┌─ PROVIDED ENTRIES

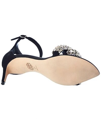 - Crystal Embellished Suede Sandal in black suede and leather and silver-tone hardware with crystal embellishments
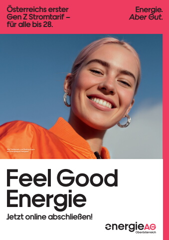 2Alle Tarifdetails und Bedingungen auf energieag.at/feelgood%u00d6sterreichs erster Gen Z Stromtarif %u2013 f%u00fcr alle bis 28.Feel GoodEnergieJetzt online abschlie%u00dfen!
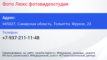 Фото Люкс, фотовидеостудия по адресу 445027, Самарская область, Тольятти, Фрунзе, 23 в дальнейшем Организация, размещена в следующих категориях:
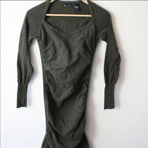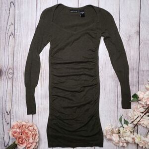 Olive green, lightweight sweater dress with side ruching and wide sweetheart neckline. Very fitted!
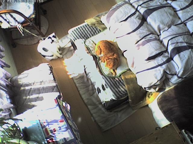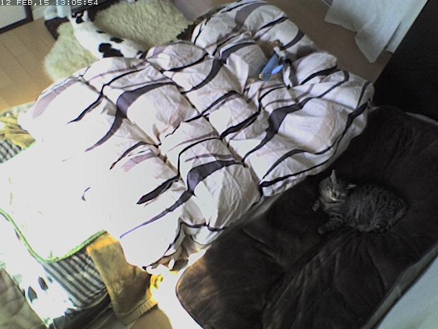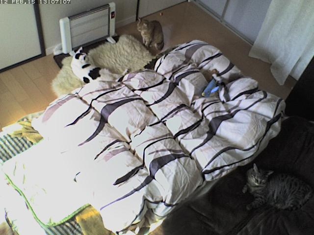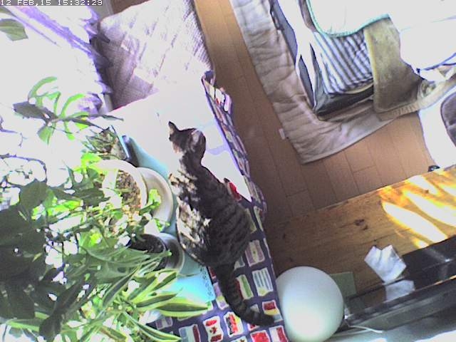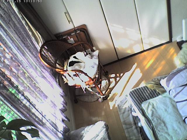 えっと、coco は? いたいた! 最近お気に入りの椅子の上。 陽があたって気持ちよさそうだね。 あれ? lanちゃんは? いたいた! << lan “そこに行きたいんですが?” << coco “ぼく、そこに行きたい!” それを見ている mark 2015-02-12
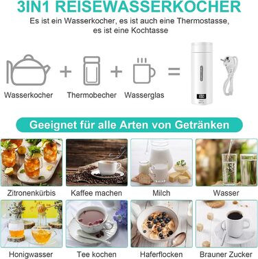 Туристичний чайник маленький, електрична чашка для води, нагрівальна кружка для швидкого приготування 220 В 300 Вт з регулюванням температури, з автоматичним відключенням для подорожей (шнур живлення всередині кружки) білий
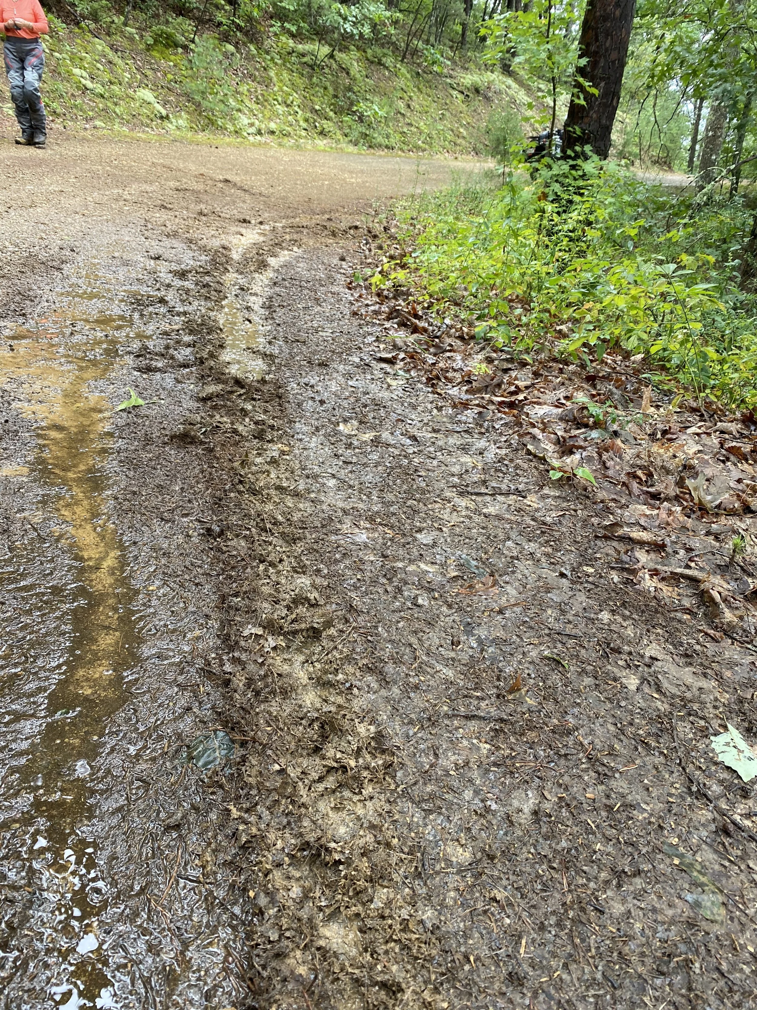 Lesson #2, it doesn’t matter how careful you are being, if you are riding in wet, slippery conditions, you are increasing the likely hood of crashing. Wet conditions on pavement, nice gravel roads where there is no mud, is much different then riding on a road that has variable conditions that includes patches of snotty mud.
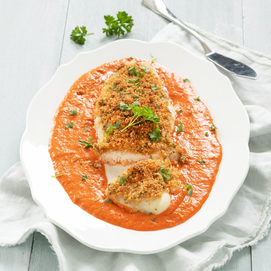 4. Verdeel de saus over borden en leg hier de vis uit de oven in. Serveer eventueel met een frisse salade.
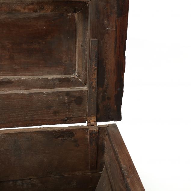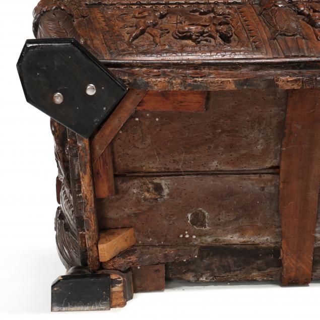 17th century, the sarcophagus form featuring a molded and raised hinged lid with relief carved edge, strap hinges, open interior, the case featuring relief carved caryatids, central cartouche, male and cherub allegorical figures, carved and scalloped skirt, paw feet.
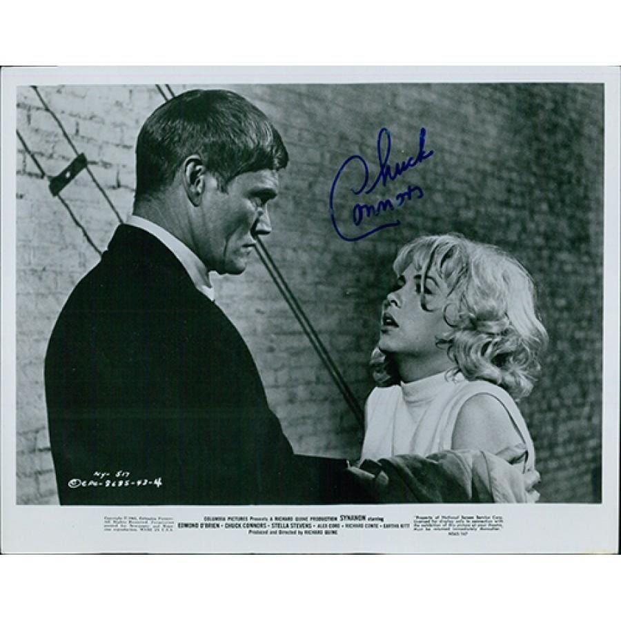 Chuck Connors Synanon 8x10 glossy finish promo photo signed in blue sharpie. The signature has some scuffing to it. This item has been certified by James Spence Authentication (JSA) with sticker affixed to item on the back and matching card.
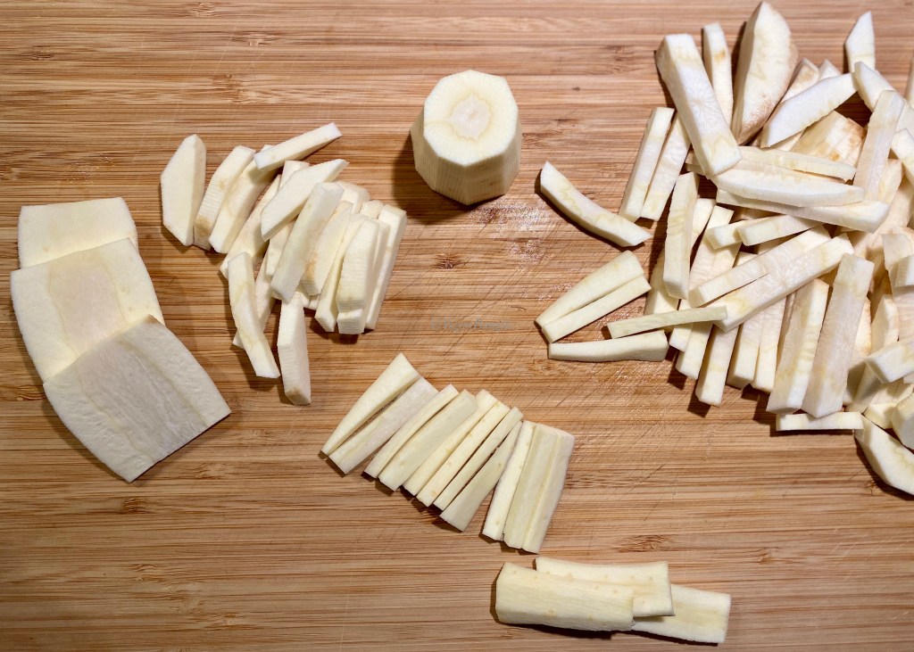 I have started my prepping by peeling the parsnip first. It has a dull colored skin outside which is not visually appealing, so I decided to peel them first. Then I have sliced the parsnips in thin long strips, about half a centimeter thick and three centimeter long. It may take more time than usual to slice the parsnips, as they have very hard texture. So take your time and slice them uniformly. You can cut them in any shape you want, but make sure they are not too thin or thick. If parsnips are too thin, they will stick to each other and if too thick, then they won’t cook properly, as there’s no use of extra water in this recipe!
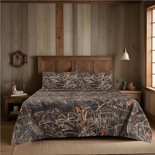 Boston Linen Company Realtree Max 4 Camo sängkläder tvillinglakanset i 3 delar polybomull, rustikt bondgårdssängkläder för stuga, stuga och jakt sängset – perfekt för kamouflagetema sovrum – (99 x 190
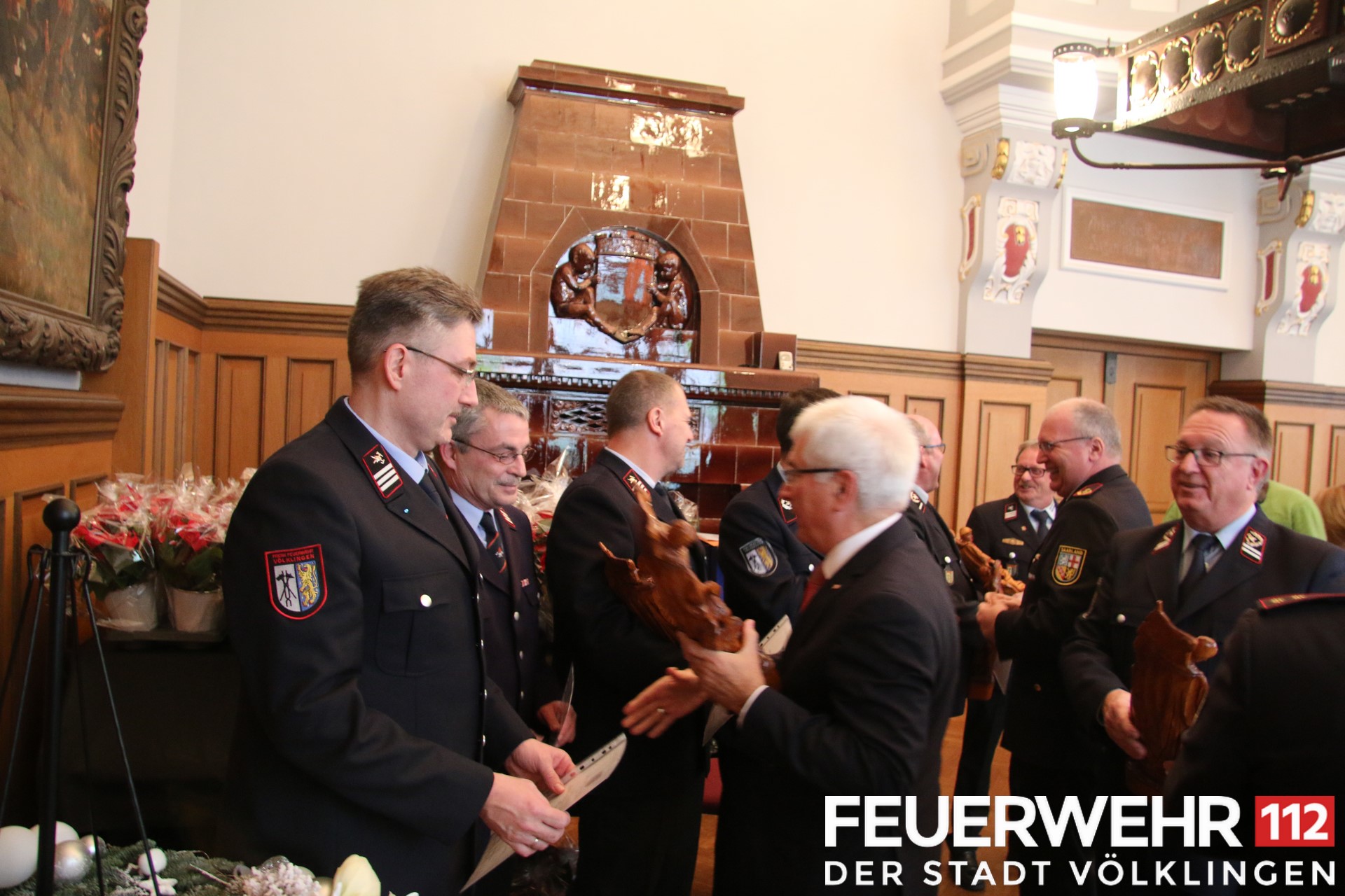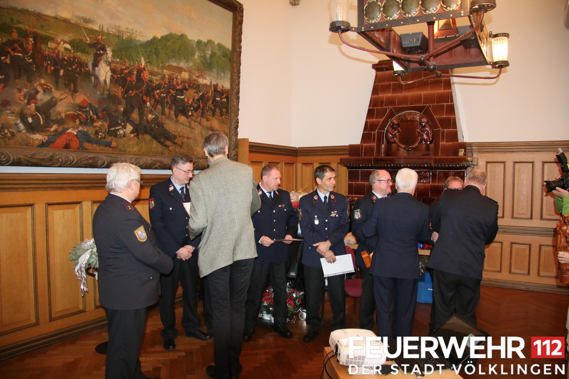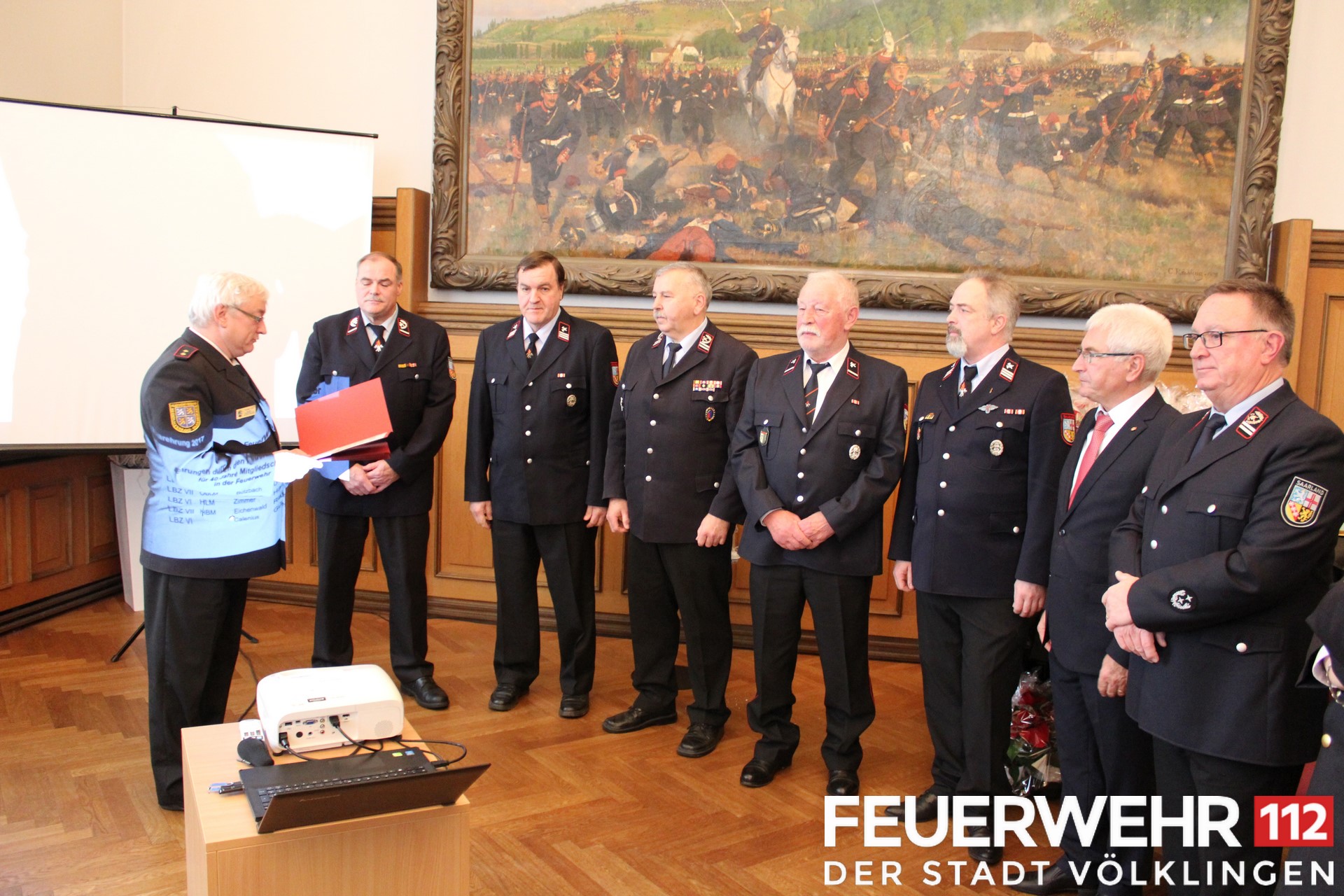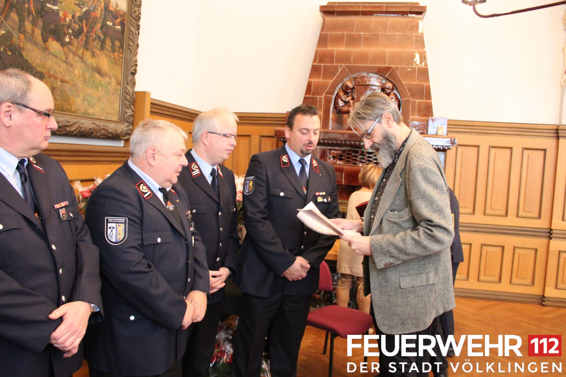 „Vor allem möchte ich Ihnen Danke sagen für die vielen Stunden freiwilliger und ehrenamtlicher Arbeit, die Sie unserer Stadt und unserem Gemeinwesen schenken und geschenkt haben.“ Dies erklärte Oberbürgermeister Klaus Lorig zu Beginn seiner Rede anlässlich der Ehrung langjähriger Mitglieder der Freiwilligen Feuerwehr der Mittelstadt Völklingen. Die Ehrung fand im historischen Sitzungssaal des Alten Rathauses statt.
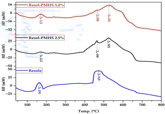 To evaluate the effect of PMHS modification on the thermal characteristics of the resol resin, Differential Scanning Calorimetry (DSC) measurements were performed. The DSC curves for the neat resol resin and samples modified with 2.5% and 5.0% PMHS are presented in Figure 3.

└─

If an entry contains a picture, leave it out and repeat the rest exactly.

 - Crystal Embellished Suede Sandal in black suede and leather and silver-tone hardware with crystal embellishments
 2Alle Tarifdetails und Bedingungen auf energieag.at/feelgood%u00d6sterreichs erster Gen Z Stromtarif %u2013 f%u00fcr alle bis 28.Feel GoodEnergieJetzt online abschlie%u00dfen!
 Фото Люкс, фотовидеостудия по адресу 445027, Самарская область, Тольятти, Фрунзе, 23 в дальнейшем Организация, размещена в следующих категориях:
 Olive green, lightweight sweater dress with side ruching and wide sweetheart neckline. Very fitted!
 えっと、coco は? いたいた! 最近お気に入りの椅子の上。 陽があたって気持ちよさそうだね。 あれ? lanちゃんは? いたいた! << lan “そこに行きたいんですが?” << coco “ぼく、そこに行きたい!” それを見ている mark 2015-02-12
 Туристичний чайник маленький, електрична чашка для води, нагрівальна кружка для швидкого приготування 220 В 300 Вт з регулюванням температури, з автоматичним відключенням для подорожей (шнур живлення всередині кружки) білий
 Lesson #2, it doesn’t matter how careful you are being, if you are riding in wet, slippery conditions, you are increasing the likely hood of crashing. Wet conditions on pavement, nice gravel roads where there is no mud, is much different then riding on a road that has variable conditions that includes patches of snotty mud.
 4. Verdeel de saus over borden en leg hier de vis uit de oven in. Serveer eventueel met een frisse salade.
 17th century, the sarcophagus form featuring a molded and raised hinged lid with relief carved edge, strap hinges, open interior, the case featuring relief carved caryatids, central cartouche, male and cherub allegorical figures, carved and scalloped skirt, paw feet.
 Chuck Connors Synanon 8x10 glossy finish promo photo signed in blue sharpie. The signature has some scuffing to it. This item has been certified by James Spence Authentication (JSA) with sticker affixed to item on the back and matching card.
 I have started my prepping by peeling the parsnip first. It has a dull colored skin outside which is not visually appealing, so I decided to peel them first. Then I have sliced the parsnips in thin long strips, about half a centimeter thick and three centimeter long. It may take more time than usual to slice the parsnips, as they have very hard texture. So take your time and slice them uniformly. You can cut them in any shape you want, but make sure they are not too thin or thick. If parsnips are too thin, they will stick to each other and if too thick, then they won’t cook properly, as there’s no use of extra water in this recipe!
 Boston Linen Company Realtree Max 4 Camo sängkläder tvillinglakanset i 3 delar polybomull, rustikt bondgårdssängkläder för stuga, stuga och jakt sängset – perfekt för kamouflagetema sovrum – (99 x 190
 „Vor allem möchte ich Ihnen Danke sagen für die vielen Stunden freiwilliger und ehrenamtlicher Arbeit, die Sie unserer Stadt und unserem Gemeinwesen schenken und geschenkt haben.“ Dies erklärte Oberbürgermeister Klaus Lorig zu Beginn seiner Rede anlässlich der Ehrung langjähriger Mitglieder der Freiwilligen Feuerwehr der Mittelstadt Völklingen. Die Ehrung fand im historischen Sitzungssaal des Alten Rathauses statt.
 To evaluate the effect of PMHS modification on the thermal characteristics of the resol resin, Differential Scanning Calorimetry (DSC) measurements were performed. The DSC curves for the neat resol resin and samples modified with 2.5% and 5.0% PMHS are presented in Figure 3.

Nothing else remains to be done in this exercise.